15.5 Violet’s Web Poster

Organizational culture is still a very polemic subject. Although many companies advocate on their behalf that they value diversity, that they communicate with their employees, and so on, they do not necessarily practice what they say. Consequently, the members of such organizations tend to be resistant to changes.

One of the most common tools used by companies before promoting any change, like Violet mentioned, is interview and survey. These are, indeed, excellent channels to perceive what changes employees expect, and what changes are good for the organization. However, many companies do not take it seriously, and as consequence, employees do not give enough credit to tools that could help the organization to head towards assertive directions.

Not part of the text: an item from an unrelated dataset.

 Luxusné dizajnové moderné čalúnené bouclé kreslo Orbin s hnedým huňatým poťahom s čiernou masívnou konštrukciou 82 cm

In my view, it would be better if companies did not make any attempt to conduct any interview or survey, if their real aim is not to make assertive directions based on the data collected.

Garota de Ipanema

4 comments:

crives said...

I agree with you that if a company is going to request employee feedback through a survey and expect them to take their time out to participate in the survey then they need to be prepared and open to acting on the information and feedback that they gather. If a company requests input and consistently proves that they do not use that information, employees will be more likely to not respond at all or to give inaccurate responses. My company has been pretty good at using the what they learn in their pulse surveys to make real change in the organization and because of this year over year they have increased participation.

Sree said...

I agree with your comments. The biggest problem I have with surveys and feedback is the lack of followup information or actions on it. Repeatedly people request feedback about a process or concerns regarding something and nothing gets done after you spend time giving your insights. Most of the time they just do it as they feel they have to do it and not with a purpose.

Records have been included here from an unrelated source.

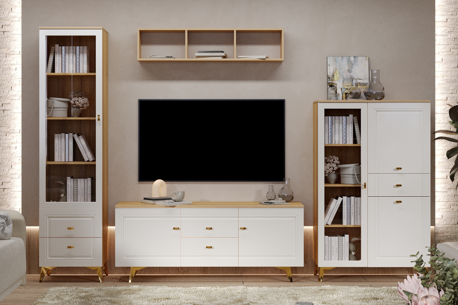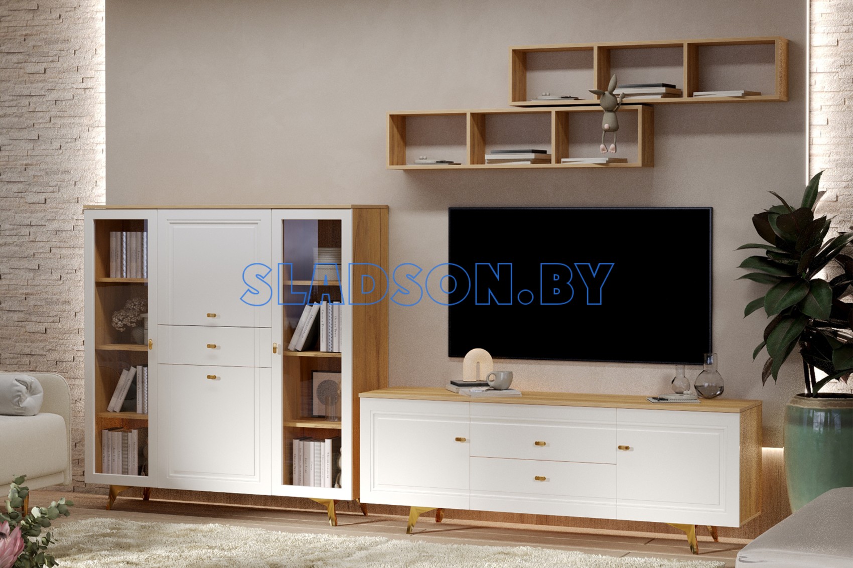 ВЕГА САПФИР гостиная Тумба под ТВ 1500 Дуб золотистый, Глянец белый
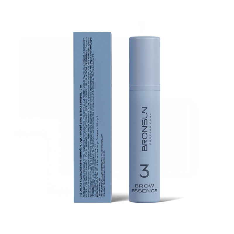Состав #3 для долговременной укладки BROW ESSENCE BRONSUN используется на завершающем этапе процедуры долговременной укладки. Удобная гелевая консистенция позволяет зафиксировать финальную форму бровей, не склеивая волоски.
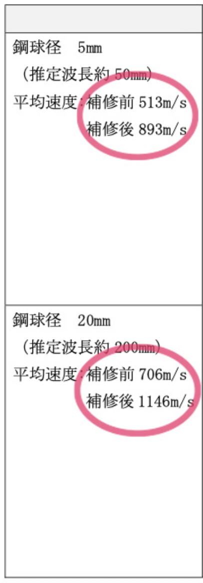 今回は5mmおよび20mmの鉄球を用いて、内部のひび割れや空隙の深さを把握しました。
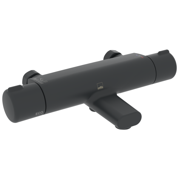 Oras Nova termostatisk mixer til brusebad og badekar, med fast udløbstud og temperaturknap med sikkerhedslås ved 38°C. Volumenknap med integreret keramisk afleder og styring til Eco-flow. Blanderen er udstyret med kontraventiler og snavsfiltre.

When feedback is requested, is the responsibility of people requesting the feedback to follow with actions taken or provide reasons why suggestions made cannot be implemented.

Kartik J said...

Most of the time, surveys end up not being taken seriously by the employees. We were recently requested to take a survey, and most of the employees didn't take it even when their managers specifically asked them to do so. The reasoning was, "There are so many others taking the survey, so how is my individual opinion going to make any difference?"

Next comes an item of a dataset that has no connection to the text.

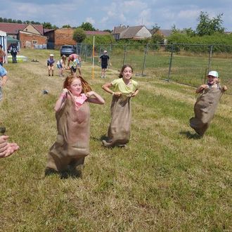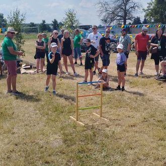 Der zweite Festtag begann mit der Dorfmeisterschaft, bei der sich die Teams Vorstadt, Winkel, Dorf, Dorfende und Nehlsdorf in den Disziplinen Baumstammslalom, Leitergolf, Sackhüpfen, Bierrutsche und bei einem zum Thema Zirkus passenden Quiz die Kräfte maßen. Nach einem spannenden Wettbewerb ging schließlich das Team aus der Vorstadt als glücklicher Sieger hervor. Nach der Siegerehrung gab es im Umfeld des Festzeltes allerlei Aktivitäten und Mitmachangebote der Juko Heideblick, der Naturwacht und der Freiwilligen Feuerwehr Goßmar. Zudem stand eine Hüpfburg bereit und die Kinder konnten sich schminken oder Figuren aus Luftballons modellieren lassen. Außerdem gab es Spiele für Groß und Klein wie Entenangeln, Torwandschießen, Kegeln und Wettnageln, deren Sieger mit interessanten Preisen gekürt wurden. Im Festzelt spielte währenddessen die Nachwuchsgruppe der Musikschule Fröhlich, bei der auch einige Goßmarer Kinder mitwirkten. Zeitgleich zur Kaffeetafel wurden die Gäste dann von den Scheunenmusikanten unterhalten. Für Gänsehaut sorgten die Soloeinlagen vom Goßmarer Gesangstalent Sara Graßmann, die Hits wie Dolly Partons „Jolene“ oder Trude Herrs „Ich will keine Schokolade“ zum Besten gab. Das Festzelt bebte. Nach dem schwungvollen Auftritt der Kapelle folgte noch einmal der Auftritt der Miezen, der dem Kinder- und Sommerfest einen grandiosen Abschluss bescherte.

It is almost like voting in a democracy - many people don't vote because they think their sole vote among millions is virtually nothing. I guess they fail to understand that if everyone thought that way, there would be no votes at all.

charlemagne said...

I agree that if interviews and surveys are conducted, then the company should be prepared to use the data. Indeed I find the use of such internal measurement implements a very useful and novel idea. The company I work for uses no such tools to my knowledge.
On another note, I think that there is a second response to change in an organization where the professed cultural concern is not actually practiced: apathy. I think that there can be such low levels of motivation, and such low levels of pride in workmanship that change, whether positive or negative, will have troublingly little effect on the attitudes of many workers.